Up a flight of stairs just blocks from the Mongkok police station is A.Room — the name of the studio, the label and the band’s hangout — the perfect lazy boy’s lair. Everything in the front room is centered around a 30-in. television where every night some combination of LMF members and friends are playing Winning Eleven 5 or GT Grand Tourismo 3 on the Sony PlayStation. A black-and-white security monitor shows who’s at the door. Band coordinator, art director and guitarist Prodip’s many action figures, which are still in their packages, hang from the walls: Jason from Friday the 13th, Freddy Krueger from A Nightmare on Elm Street. In a section dedicated to Kiss paraphernalia the tag on one Gene Simmons doll reads: “Costume replicas of those worn during the Destroyer era.”

In the sound-padded back room, Davy crouches in front of a drum set. Even sitting down he seems tall, but it may be just his hair, long and gelled straight up as though he’s falling from a plane.
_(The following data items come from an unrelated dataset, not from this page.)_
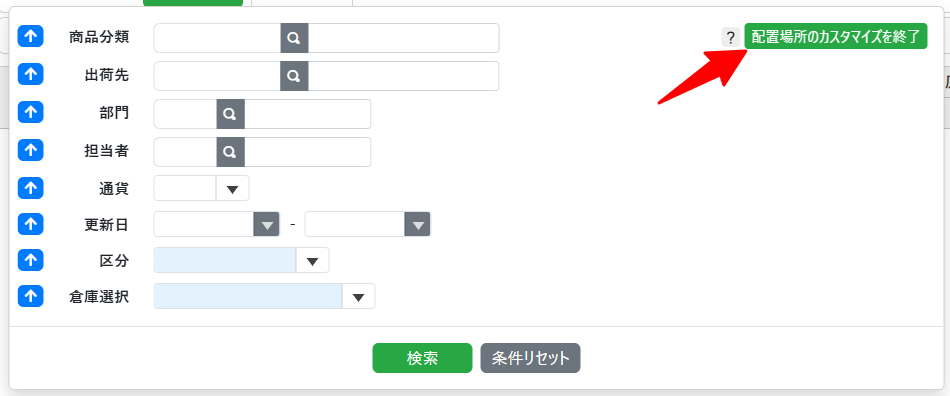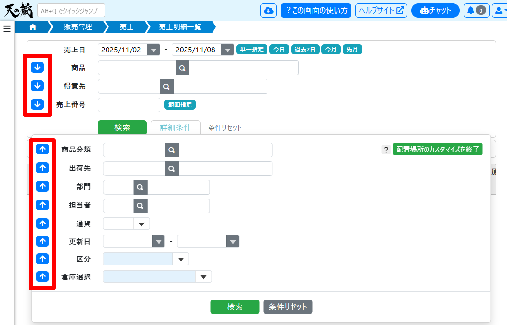 各検索条件項目の左側に、上向き矢印(⬆️)と下向き矢印(⬇️)ボタンが表示されます。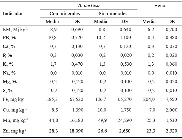 De acuerdo con los rangos sugeridos por McDowell (2017) para los pastos tropicales, B. pertusa presentó concentraciones elevadas de Ca, K y Mg, y bajas, de P y Na. En cuanto a los microelementos, el contenido de Fe fue adecuado, el de Mn elevado, el de Zn marginal, y el de Cu deficiente.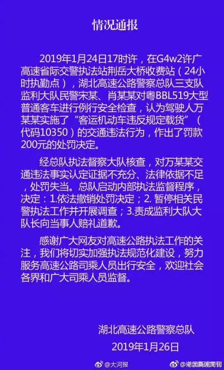 27日凌晨,湖北高速交警官方微博 @湖北高速交警 就此事发布警情通报,决定:依法撤销处罚决定、暂停相关民警执法工作并开展调查、责成监利大队大队长向当事人赔礼道歉。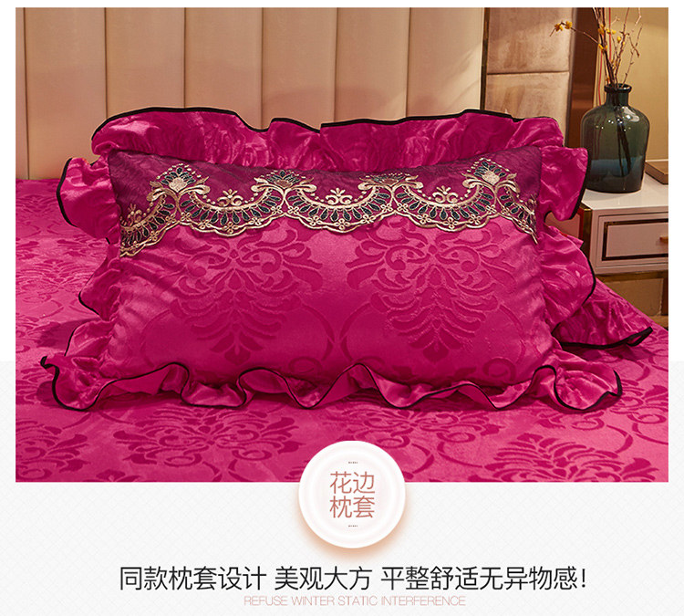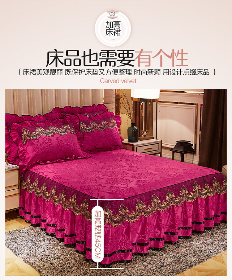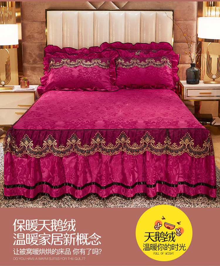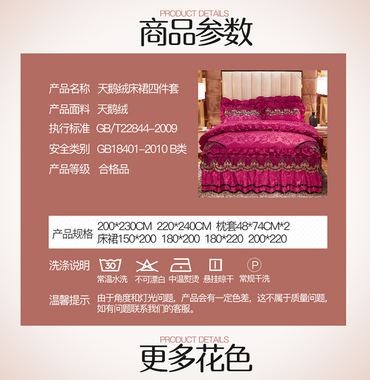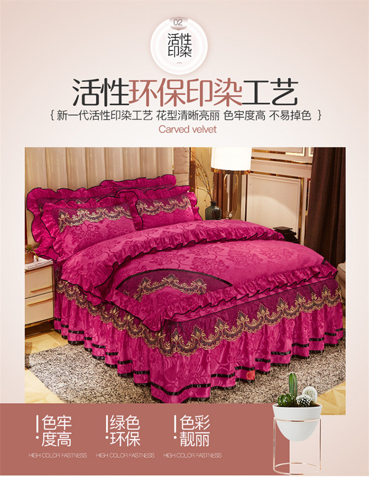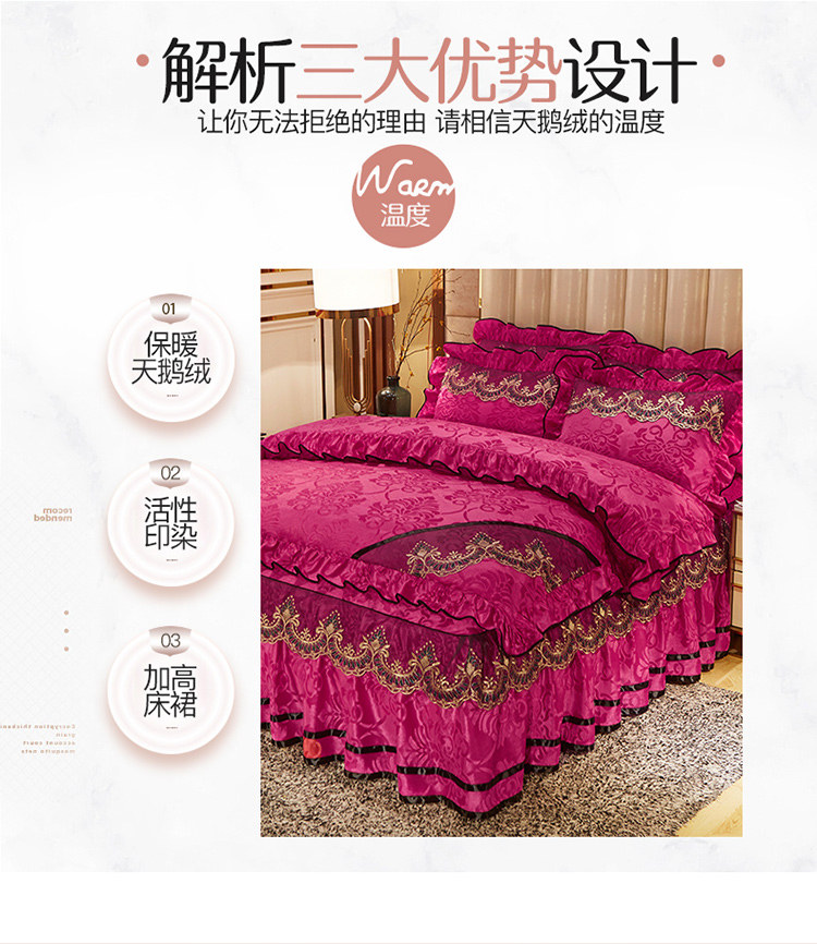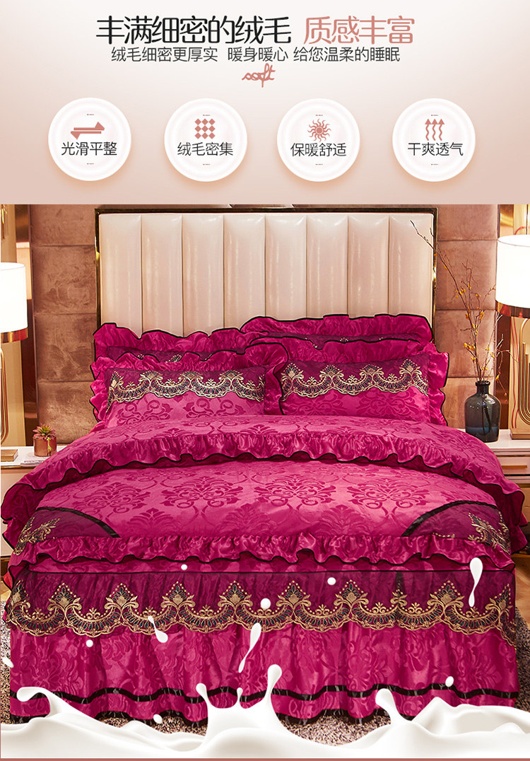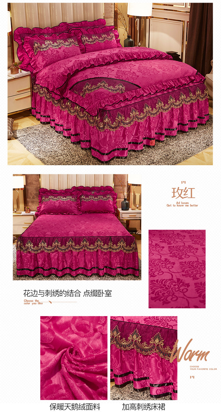 商品名称:网红馆 2025新款天鹅绒盛世经典床裙四件套 玫红

A studio musician for pop stars like Kelly Chan and Leslie Cheung, Davy is the only LMFer who earns a living wage with his music. “I do pop music only for the money,” Davy says, looking around the room, his neck tattooed with two dice rolling a hard eight. “But here it’s my music. Here we do what we want.”

After LMF’s first album was released, Warner Music, sister company of TIME, approached producers Davy and Prodip with a deal to distribute A.Room’s output. Was signing with one of the world’s biggest record labels selling out? “Warner pays all the expenses of recording. We keep 15% of the royalties, and A.Room keeps the copyright,” explains Davy. “It’s a great deal.”
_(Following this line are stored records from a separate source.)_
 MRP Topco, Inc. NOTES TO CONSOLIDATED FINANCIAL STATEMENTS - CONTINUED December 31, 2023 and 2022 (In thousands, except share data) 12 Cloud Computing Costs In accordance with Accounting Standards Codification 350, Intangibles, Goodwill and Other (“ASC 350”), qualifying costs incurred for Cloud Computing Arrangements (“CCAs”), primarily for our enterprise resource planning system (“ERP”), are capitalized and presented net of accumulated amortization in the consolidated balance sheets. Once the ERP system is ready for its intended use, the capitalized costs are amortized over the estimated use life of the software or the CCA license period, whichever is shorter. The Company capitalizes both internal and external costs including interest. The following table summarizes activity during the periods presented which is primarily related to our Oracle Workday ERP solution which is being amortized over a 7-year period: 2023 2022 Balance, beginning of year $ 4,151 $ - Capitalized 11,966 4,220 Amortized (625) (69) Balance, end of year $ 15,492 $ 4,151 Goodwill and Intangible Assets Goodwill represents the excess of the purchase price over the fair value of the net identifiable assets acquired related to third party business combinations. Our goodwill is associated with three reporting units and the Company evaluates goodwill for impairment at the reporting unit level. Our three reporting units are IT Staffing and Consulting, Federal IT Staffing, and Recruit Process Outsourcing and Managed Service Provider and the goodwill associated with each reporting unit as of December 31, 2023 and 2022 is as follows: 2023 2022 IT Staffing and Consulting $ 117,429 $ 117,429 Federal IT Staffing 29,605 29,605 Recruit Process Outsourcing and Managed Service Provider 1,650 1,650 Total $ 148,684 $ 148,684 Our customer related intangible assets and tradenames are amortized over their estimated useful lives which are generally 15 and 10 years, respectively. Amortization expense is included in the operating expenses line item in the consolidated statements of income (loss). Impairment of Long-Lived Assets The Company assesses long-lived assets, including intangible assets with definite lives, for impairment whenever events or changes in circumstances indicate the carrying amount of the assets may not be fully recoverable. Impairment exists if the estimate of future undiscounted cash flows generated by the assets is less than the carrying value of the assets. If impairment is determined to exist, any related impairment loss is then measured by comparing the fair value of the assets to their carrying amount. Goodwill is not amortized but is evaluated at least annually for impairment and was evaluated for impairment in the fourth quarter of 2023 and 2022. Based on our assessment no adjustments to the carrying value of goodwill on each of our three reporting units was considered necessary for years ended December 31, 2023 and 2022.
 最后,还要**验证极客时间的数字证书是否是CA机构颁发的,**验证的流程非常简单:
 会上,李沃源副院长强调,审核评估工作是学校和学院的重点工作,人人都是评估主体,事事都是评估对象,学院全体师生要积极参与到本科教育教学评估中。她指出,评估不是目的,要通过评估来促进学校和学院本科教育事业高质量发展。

When he talks about the future of the label, Davy starts sounding suspiciously like a studio exec himself. This month he’s rerecording and remixing tracks from Singaporean hip-hop group CPJ. (“What they sent us (earlier) was good, but the sound quality just wasn’t there.”) He’s testing music styles for the solo albums of the bad girls of the Hong Kong music scene — Paisley and Josie Ho. And Davy’s got his eye out for the right girls to create Lady Muthaf**ckas. “They’re either talented or they’re hot,” he says of the women he has heard so far. “Hard to find both.”

A.Room might have struck a chord by waving the flag for Cantonese hip-hop but with success it’s suddenly finding a larger mission. DJ Tommy earned raves from Japanese and Korean music ‘zines in August with his A.Room-produced album Respect 4 Da Chopstick Hip Hop — which he recorded with an eclectic mix of Japanese, Korean and Cantonese hip-hop artists. He believes beats can bring Asian youth together. “Because we like hip-hop we have something in common,” says Tommy, who won international fame in the early ’90s with his blurry-handed appearances at the world DJ competition in London. “We don’t need to hate each other.”

With all the hype and an ever-expanding business can LMF and A.Room keep it real? Already the group is doing songs and graffiti in San Miguel beer ads and performing in Levi’s-sponsored concerts. Their possible salvation: laziness. It’s been 14 months since their last album. “We really don’t produce a lot,” says Yan, as he holds his joint in the air and gestures toward the crew huddled around the PlayStation. “These guys are very lazy.”